The CIMC is barred from entering any contract with or through its associates relating to the scheme. The term associate has been very widely defined and this provision is intended to take care that funds are not siphoned off through contracts with sister concerns. However, in some cases, this may operate to be a barrier in smooth conduct of the business which is expected to be highly specialised and technical. The CIS will have to be appraised every year by an appraising agency empanelled with Sebi. Further, the CIS will also have to be rated by a rating agency registered with Sebi.

The regulations do not permit open ended schemes - ie, schemes where there is possibility of repurchase before maturity. The scheme further has to have a maturity period of at least three years Further, the maximum offer period can be of 90 days.

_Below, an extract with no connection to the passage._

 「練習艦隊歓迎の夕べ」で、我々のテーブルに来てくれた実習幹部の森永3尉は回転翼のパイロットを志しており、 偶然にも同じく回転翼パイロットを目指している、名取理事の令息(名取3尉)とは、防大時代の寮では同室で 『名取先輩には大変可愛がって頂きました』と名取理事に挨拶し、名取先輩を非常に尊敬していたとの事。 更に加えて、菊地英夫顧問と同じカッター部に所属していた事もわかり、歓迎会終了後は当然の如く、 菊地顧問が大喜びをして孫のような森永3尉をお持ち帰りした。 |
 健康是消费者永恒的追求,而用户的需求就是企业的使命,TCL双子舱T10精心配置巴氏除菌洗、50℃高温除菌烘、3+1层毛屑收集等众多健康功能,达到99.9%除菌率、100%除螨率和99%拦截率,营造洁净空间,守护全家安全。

An interesting question is what would happen to existing schemes and this is an area where Sebi appears to have taken a very firm stand to simply wipe out those schemes who do not or are unable to conform to the high standards laid down in the regulations. While existing schemes had been given a transition period - years actually - to continue their schemes, these regulations seek to bring them under strict control within months. Else, they will simply have to wind up and repay money to investors without any other recourse. Existing schemes have been given a time of two months to apply for registration. If they do not apply for registration or their application is rejected, they simply have to wind up. There is a provision regarding taking of positive approval from investors to continue the scheme but the wording seems to be ambiguous as to whether unregistered schemes can continue if more than 25 per cent investors agree. Peculiarly, the winding up process has to wait till the CIS receives an intimation fromSebi. Does this mean that a CIS of which Sebi is not aware at all or to whom Sebi does not send an intimation does not have to be wound up.

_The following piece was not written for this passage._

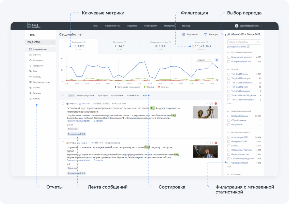 Сообщения в системе Brand Analytics благодаря использованию искусственного интеллекта и нейросетей размечаются автоматически — по тональности упоминания, тематикам, роли объекта (главная или второстепенная) и так далее. Затем в системе можно сформировать отчёты — как для быстрого анализа присутствия в СМИ, так и для анализа по срезам источников упоминаний, сюжетам, персонам, географии, популярным словам и многому другому.
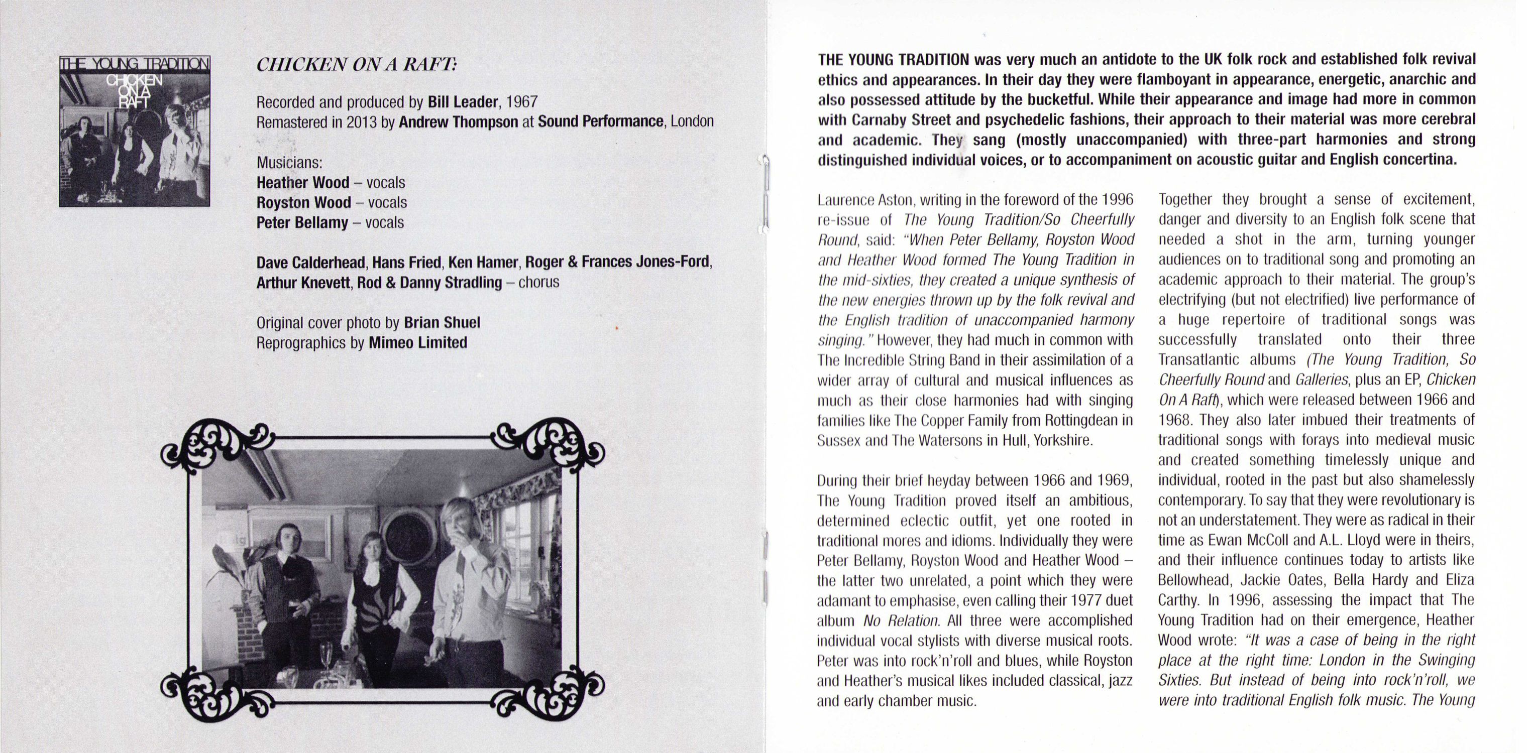 Their final release for Transatlantic was a five track EP, Chicken On A Raft, which comprised of unaccompanied sea shanties that highlighted their vocal powers and returned The Young Tradition to its accapella roots. The 45rpm record featured two tracks on one side (Chicken On A Raft and Randy Dandy-O) with a three song medley of sea shanties on the other. Chicken On A Raft featured Royston, Heather and Peter with extra vocal contributions from Dave Calderhead, Hans Fried, Ken Hamer, Roger & Frances Jones-Ford, Arthur Knevett, Rod & Danny Stradling.

Even if existing CIS apply for registration, they will have to comply with the stringent regulations - immediately in some respect of some provisions and gradually in respect of some others What is also important is that existing CIS cannot launch any new scheme or even raise further money from existing schemes till a certificate of registration is granted. Existing schemes will also have to pay Rs 10 lakh registration fees though in two installments.

All in all, the above process is intended to simply exterminate a large number of existing schemes who do not comply with the regulations. Whether investors actually receive their money in whole or in part will have to be seen. Stringent accounting norms are now specifically provided for. Sebi has freely adopted from International Accounting Standards and Indian Accounting Standards and where the issue has not been specifically covered by these standards, Sebi has come out with its own accounting requirements. An important malpractice whereby subscription was recognised as income has now been specifically prohibited and all sums received from subscribers by whatever names called would be part of capital. Prudent requirements for writing off capital costs are also made which was another grey area.

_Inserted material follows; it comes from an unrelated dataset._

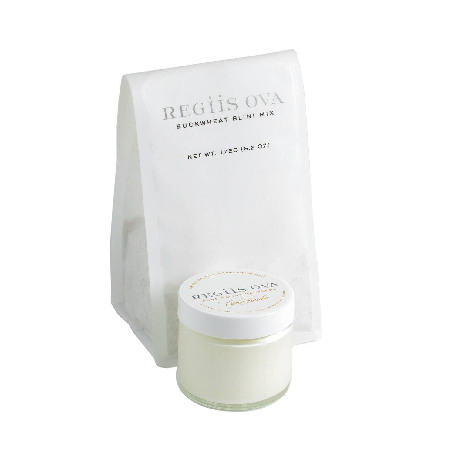 Ingredients are cream and culture. Blini mix not included and sold separately. Jar is 2.25oz.

Finally, an interesting issue will be about tax treatment of the CIS and its investors. As stated earlier, the model suggested is that of the mutual funds and thus there will be a management company and a trust which will own the properties of the schemes on behalf of the investors. While this closely resembles mutual funds, mutual funds have liberal tax exemptions. At the fund level, they are eligible to exemption from tax. On distributions, there is a fairly low rate of tax in most cases but the unit-holders thereafter face no tax. However, no such provisions exist for CIS. Will therefore the CIS have to bear the highest rate of tax? What about the unit-holders - when and how much tax will they face? While the answer may depend on the facts of each case, it will be certainly an area of difficulty and specific provisions will need to be made in the Income-tax Act.

To conclude, we have finally a set of fairly comprehensive set of regulations which, while perhaps a little too strict, will help control the indiscriminate launching of new schemes while quickly eliminating the errant existing ones.